Behandlungsmöglichkeiten: Wirksam gegen Wechseljahresbeschwerden

Beeinträchtigen die Wechseljahresbeschwerden Ihre Lebensqualität und Ihren Alltag, gibt es verschiedene Behandlungsmöglichkeiten. Neben der klassischen Hormonersatztherapie (HRT) gibt es weitere Behandlungsstrategien, wie die Phytotherapie mit Femikliman UNO, Akupunktur und Homöopathie. Für die Akupunktur konnte beispielsweise eine Reduktion von Hitzewallungen und Verbesserung der Lebensqualität gezeigt werden.

Im Unterschied zur HRT, bei der zu den körpereigenen Hormonen identische Hormone eingesetzt werden, sind die anderen genannten Therapieoptionen hormonfrei. Bei der Auswahl einer geeigneten Therapie sollten Sie darauf achten, dass Sie sich mit der Art der Behandlung wohlfühlen.

Wichtig für Sie: Keine Behandlung ersetzt das Arztgespräch! Als Grund für die Beschwerden sollten zunächst mögliche andere Ursachen ausgeschlossen werden.
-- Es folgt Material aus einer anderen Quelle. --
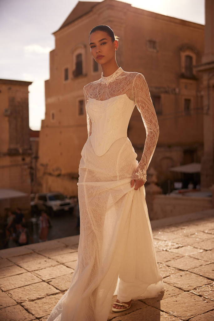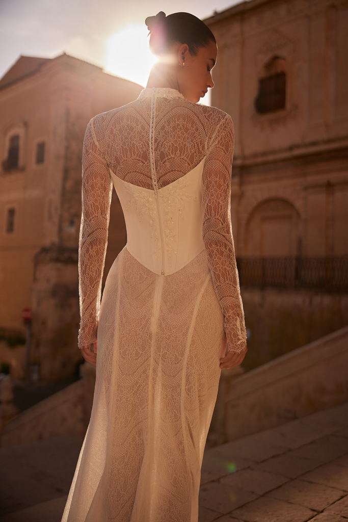 Descoperă eleganța desăvârșită cu rochia de mireasă sirena, un design sofisticat și rafinat. Cu maneci lungi și detalii delicate din dantelă fină, inclusiv pe gat, această rochie subliniază frumusețea și feminitatea ta, oferindu-ți un look de neuitat în ziua cea mare.
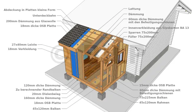- Deckentyp : OSB-Platte oder 18 mm-Partikel
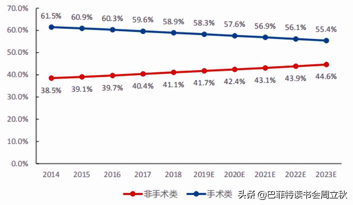 中國醫(yī)美行業(yè)手術(shù)類及非手術(shù)類收入占比
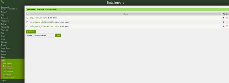 We notice places where we can upload files. The first thing that comes to mind is to infiltrate the system using a reverse shell. When we look at the “Data Import” section, we can see that we can upload a reverse shell here. I used the site in the link below for the reverse shell:

Phytotherapie mit Extrakten der Traubensilberkerze

Die Phytotherapie oder auch Pflanzenmedizin basiert als Bestandteil der Schulmedizin auf wissenschaftlichen Erkenntnissen. Ihre Produkte werden deshalb nach denselben strengen Qualitätskriterien hergestellt und haben in der modernen Frauenmedizin mittlerweile einen festen Platz. Zwar ist die Phytotherapie generell hormonfrei, einige Präparate enthalten jedoch östrogenartig wirkende pflanzliche Substanzen, auch als Phytoöstrogene oder Phytohormone bezeichnet. Sie unterscheiden sich im Wirkmechanismus von Präparaten mit anderen, nicht hormonähnlich wirksamen Substanzen.
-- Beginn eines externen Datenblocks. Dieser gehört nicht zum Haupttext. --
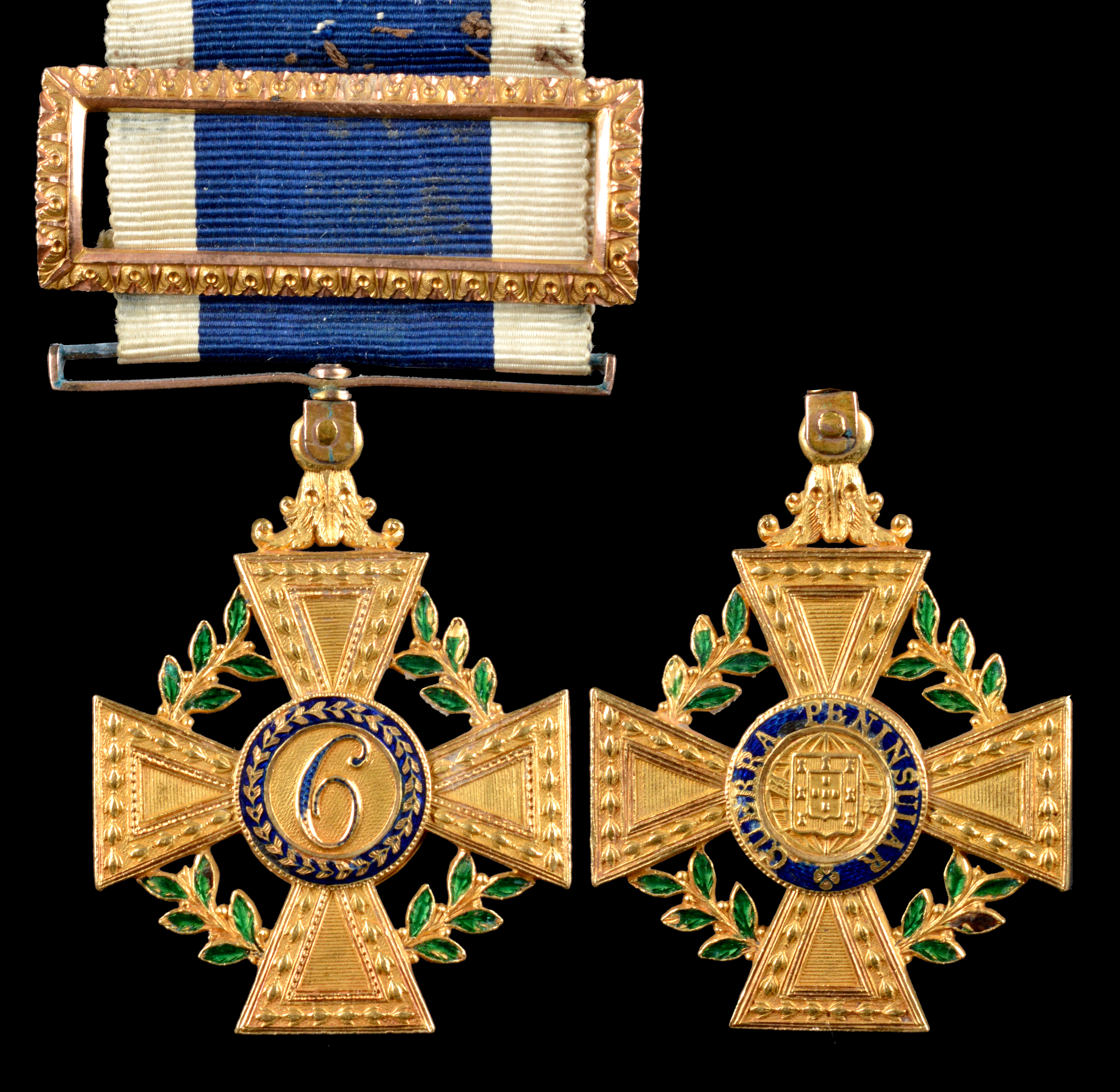 Portugal: Peninsula War, campaign cross for 6 years, gold and enamel, 35mm, gilt suspension bar, ornate gold slide buckle with white edged blue ribbon, some loss to enamel, otherwise good very fine.

Weiterhin sind Phytotherapeutika nicht mit Nahrungsergänzungsmitteln zu verwechseln. Während im ersten Fall ganze Pflanzen oder Pflanzenteile verarbeitet werden, bestehen Nahrungsergänzungsmittel aus den als besonders wirksam erachteten Substanzen in teils hoher Konzentration. Nebenwirkungen sind für manche Inhaltsstoffe nicht hinreichend untersucht. Pflanzliche Arzneimittel enthalten jedoch zusätzliche wirksame Inhaltsstoffe, welche sich in ihrer Wirkung verstärken können.

Im Bereich der Phytotherapie werden insbesondere Produkte aus dem Wurzelextrakt der Traubensilberkerze (Cimicifuga racemosa) häufig eingesetzt. Seine lindernde Wirkung ist seit langem bekannt, bereits die nordamerikanischen Ureinwohner setzten das traditionelle Mittel bei Wechseljahresbeschwerden ein. Der genaue Wirkmechanismus ist nicht gänzlich bekannt. Eine den Östrogenen ähnliche Wirkung wird nach wie vor kontrovers diskutiert; mehrheitlich wird jedoch nicht von einem hormonähnlichen Effekt ausgegangen.
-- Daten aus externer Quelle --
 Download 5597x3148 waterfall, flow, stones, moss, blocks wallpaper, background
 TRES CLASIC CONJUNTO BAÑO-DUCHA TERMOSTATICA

Dahingegen wird eine Wirkung auf Botenstoffe im zentralen Nervensystem vermutet. Wechseljahresbedingte Beschwerden, wie Hitzewallungen und Stimmungsschwankungen, werden gelindert. Unerwünschte Effekte auf Gebärmutterschleimhaut oder Brustgewebe treten hingegen nicht auf.

Weitere Heilpflanzen zur Behandlung von Wechseljahresbeschwerden
  • Salbei (Salvia officinalis) weist neben der antimikrobiellen auch eine schweißlindernde Wirkung auf.
  • Baldrian (Valeriana officinale) wirkt beruhigend und krampflösend bei Schlafstörungen und Schlaflosigkeit.
  • Johanniskraut (Hypericum perforatum) hilft als pflanzlicher Stimmungsaufheller bei psychischen Beschwerden.
  • Hopfenzapfen (Lupuli strobulus) hilft bei Schlafstörungen und innerer Unruhe, er wird häufig mit anderen beruhigenden Arzneipflanzen wie Baldrian verwendet.

Wichtig für Sie: Auch pflanzliche Medikamente können Neben- und Wechselwirkungen haben. Besprechen Sie Ihre Therapie deshalb mit Ihrem Frauenarzt.